Dataflow processors called SparseCores offer a more flexible architectural basis for applications requiring a lot of embedding. The third-generation SparseCore from Trillium is excellent at speeding up data-dependent and dynamic processes including partitioning, sparse segment sum, and scatter-gather.
Providing instruction and price-performance inference
Trillium is made to maximize performance per dollar in addition to the absolute performance and scale needed to train some of the biggest AI workloads in the world. As of right now, Trillium can train dense LLMs like Llama2-70b and Llama3.1-405b with up to 2.1x and 2.5x performance gains per dollar over Cloud TPU v5e and v5p, respectively.

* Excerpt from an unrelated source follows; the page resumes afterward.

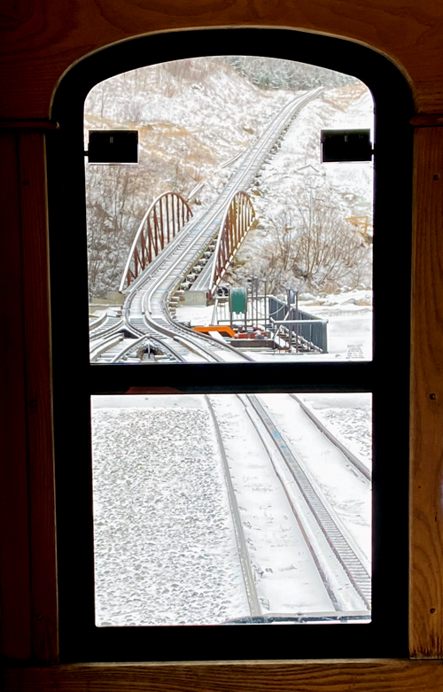 I admire you for taking the cog rail trip-especially in the winter. When we were there years ago in the summer, I was too chicken to risk the ride!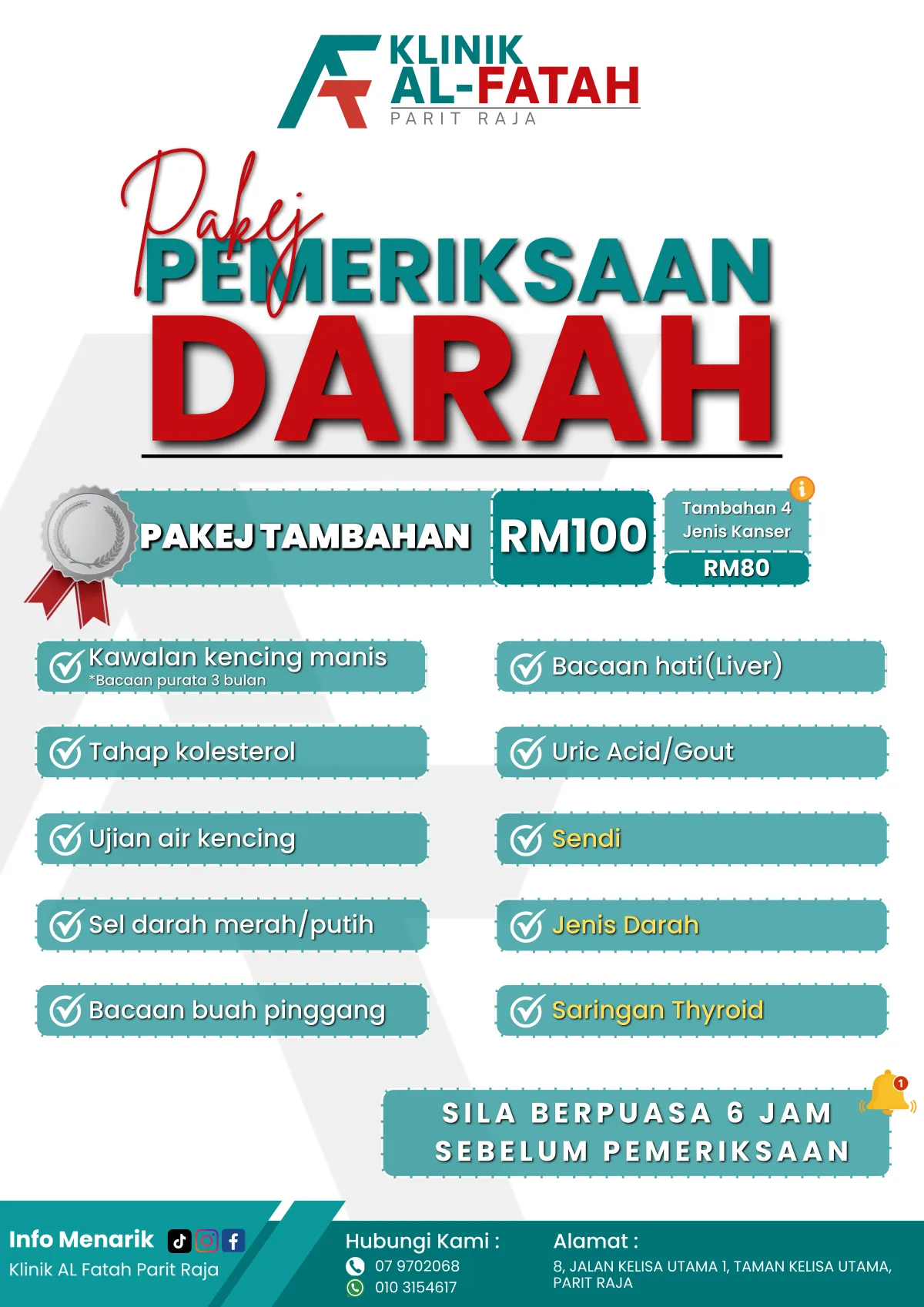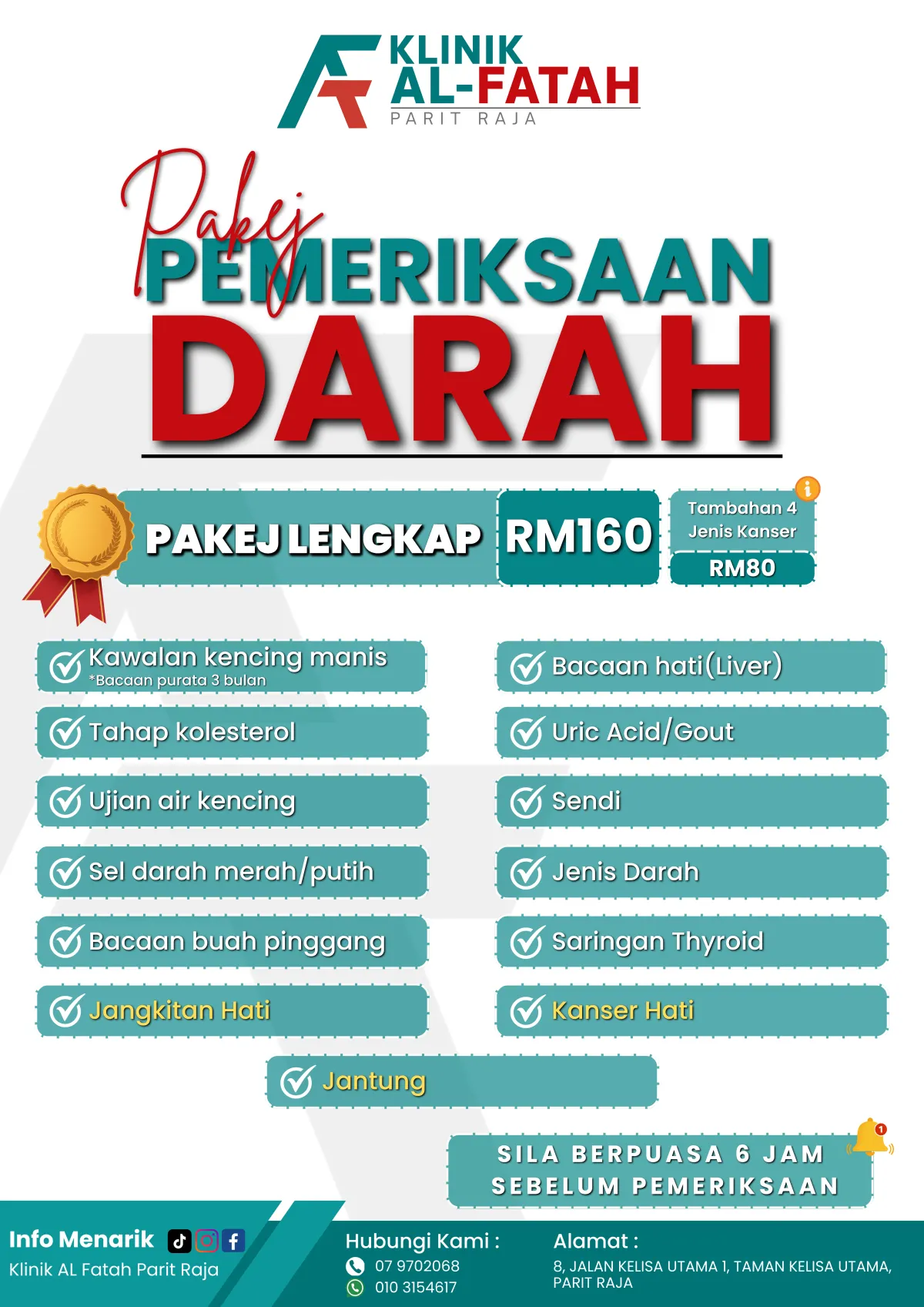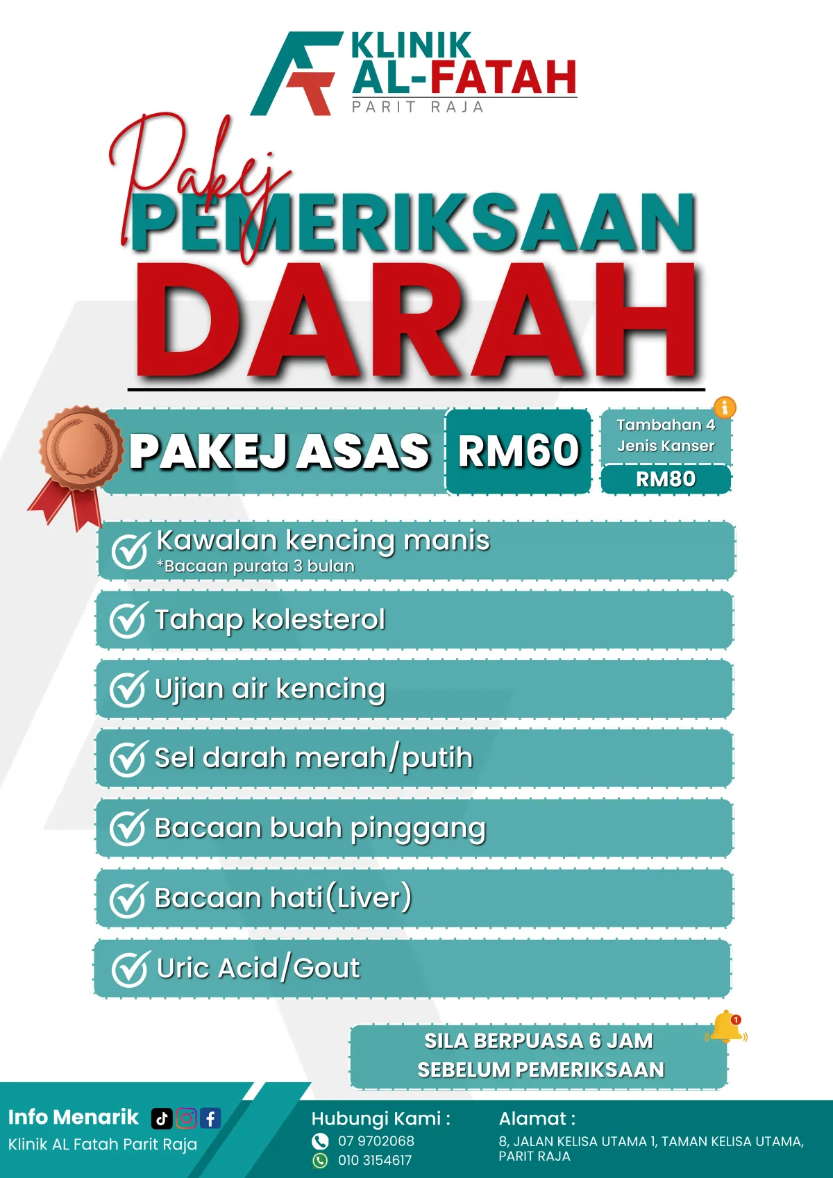 Kami menyediakan ujian pemeriksaan darah yang dihantar ke makmal bertauliah bagi memastikan keputusan lebih tepat dan menyeluruh. Terdapat tiga pilihan pakej mengikut keperluan anda: Pakej Asas untuk saringan awal kesihatan, Pakej Tambahan dengan ujian lebih mendalam, dan Pakej Lengkap yang merangkumi pemeriksaan menyeluruh bagi gambaran penuh tahap kesihatan anda.

Trillium is excellent at efficiently processing big models in parallel. It is intended to enable developers and researchers to provide reliable and effective picture models at a substantially reduced cost compared to earlier. Trillium TPU is 27% less expensive than Cloud TPU v5e for offline inference and 22% less expensive than Cloud TPU v5e for server inference on SDXL when generating 1,000 photos.
Advance AI innovation to new heights
Google Cloud’s AI infrastructure has advanced significantly with Trillium TPU, which offers amazing performance, scalability, and efficiency for a variety of AI workloads. Trillium enables you to make breakthroughs more quickly and provide better AI solutions by scaling to hundreds of thousands of chips with top-notch co-designed software. Additionally, Trillium is an affordable option for businesses looking to optimize the return on their AI investments due to its outstanding price-performance ratio. Trillium is proof of Google Cloud’s dedication to offering state-of-the-art infrastructure that enables companies to realize AI’s full potential as the field continues to change.